Pierre-Auguste Renoir was one of the artists most closely associated with the first Impressionist exhibition. He was involved in organising the exhibition and undoubtedly decided how it would be displayed. A brilliant and sensitive landscape painter, he was also fascinated by the modern world and portrayed his contemporaries in works that were vibrant with life. His paintingThe Parisian Girl depicts a young actress, Henriette Henriot, dressed in the latest fashion. Renoir captured the vivacity and elegance of this young woman, firmly anchoring her in her time.
A founding member of the Impressionist group, Degas distinguished himself from his colleagues by his choice of subjects. Rather than painting landscapes, he preferred to depict Parisian life in all its modernity. He painted café interiors and the world of show business, with dancers on stage, rehearsing or resting. He was also interested in working women – milliners or laundresses – focusing on their movements and attitudes.
InThe Laundress, Degas takes a close look at a young woman busily at work: in this case, the young model Emma Dobigny. With a few strokes of charcoal, chalk and pastel, he describes her repetitive movements and conveys her weariness.
Berthe Morisot was one of the few women in the Impressionist movement; she was also the first to join its exhibitions. Although she came from a middle-class background, Morisot succeeded in establishing herself as a female artist within an avant-garde group, where she depicted remarkable scenes of modern life with aplomb. These were sometimes severely criticised for being too hastily painted, or for showing a sensibility that was then considered, not without contempt, to be ‘feminine’.

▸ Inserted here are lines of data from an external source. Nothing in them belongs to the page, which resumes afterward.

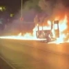 Servis minibüsü alev topuna döndü, o anlar kamerada
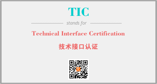 上述内容是“Technical Interface Certification”作为“TIC”的缩写,解释为“技术接口认证”时的信息,以及英文缩略词TIC所代表的英文单词,其对应的中文拼音、详细解释以及在英文中的流行度和相关分类、应用领域及应用示例等。
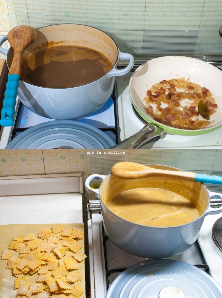 Normalmente la mamma usa come pasta i ditalini rigati, ma io ho voluto prepararla in casa, così ho fatto dei quadrotti resi piccanti dal mio peperoncino in fiocchi che ho preso in SriLanka invece che usarlo nella base, in modo da renderlo più imponente e ben visibile.
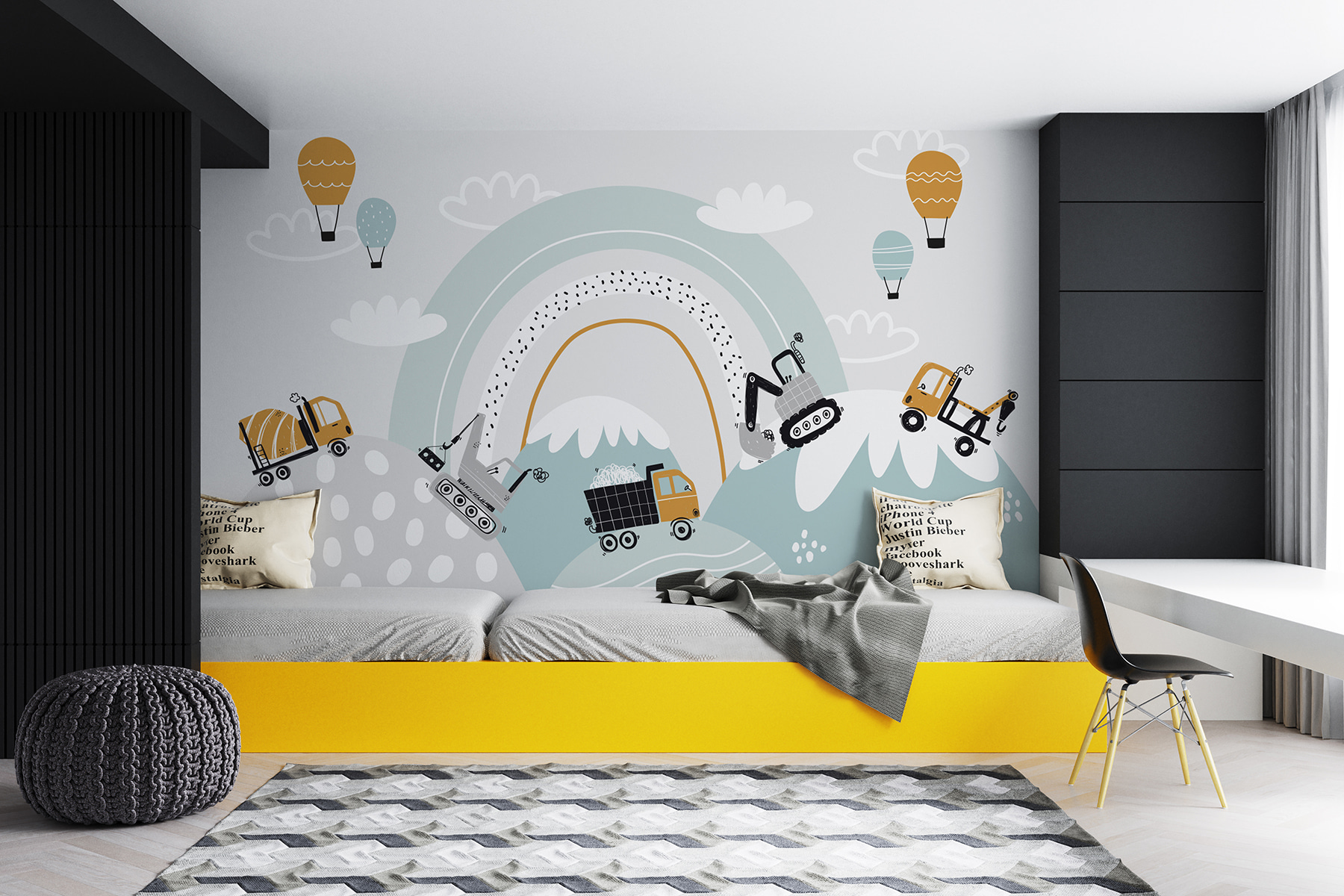 Hát nem elbűvölő ez a falfestmény? Olyan, mint egy apró világ a kisgyermeked számára, tele építési kalandokkal. Képzeld el: vibráló betonkeverők, vidám felhők és aranyos kis kotrógépek, amelyek a dombok között száguldoznak. Játékos, szeszélyes hangulata van, amely bármelyik szobát feldobja. Tökéletes a gyerekek számára, és beindítja a fantáziájukat. És ezek a pasztellszínek – komolyan, lehetne ennél tökéletesebb? Képzeld el a kacagást, amikor arról álmodoznak, hogy saját tájképet építenek. Ez a falfestmény nem csak dekoráció; ez egy boldogságfrissítés az otthonodban!

Her painting The Cradle depicts her sister Edma – herself a gifted artist who gave up painting after her marriage – tenderly, and perhaps melancholically, watching over the sleep of her daughter Blanche, whose features are barely sketched, glimpsed behind a light veil.
Born in the south of France, Cézanne remained strongly attached throughout his life to the landscapes of his childhood, such as Mount Sainte-Victoire, near his native Aix-en-Provence. In the early 1870s, he spent time in Paris and Auvers-sur-Oise, where he learned plein air painting from Camille Pissarro. Pissarro invited Cézanne to take part in the first Impressionist exhibition.
At the exhibition, Cézanne presented recent works: two landscapes of Auvers, and a genre scene, A Modern Olympia. The sketch was provocative because of its theme – set in a brothel – and its particularly loose brushwork. The painting caused a scandal and came in for heavy criticism.
Camille Pissarro was the only Impressionist artist – of whom he was the oldest – to have taken part in all the group’s exhibitions from 1874 to 1886, establishing himself as one of its central figures. In the early 1870s, he encouraged his fellow Impressionists to go out and practice plein air painting, and had a profound influence on Cézanne in particular.
His painting Hoarfrost, done in the countryside around Pontoise, north-west of Paris, shows the artist’s mastery of atmospheric effects: in this case, a winter’s morning, when the cold has hardened the earth, covering it with a veil of frost.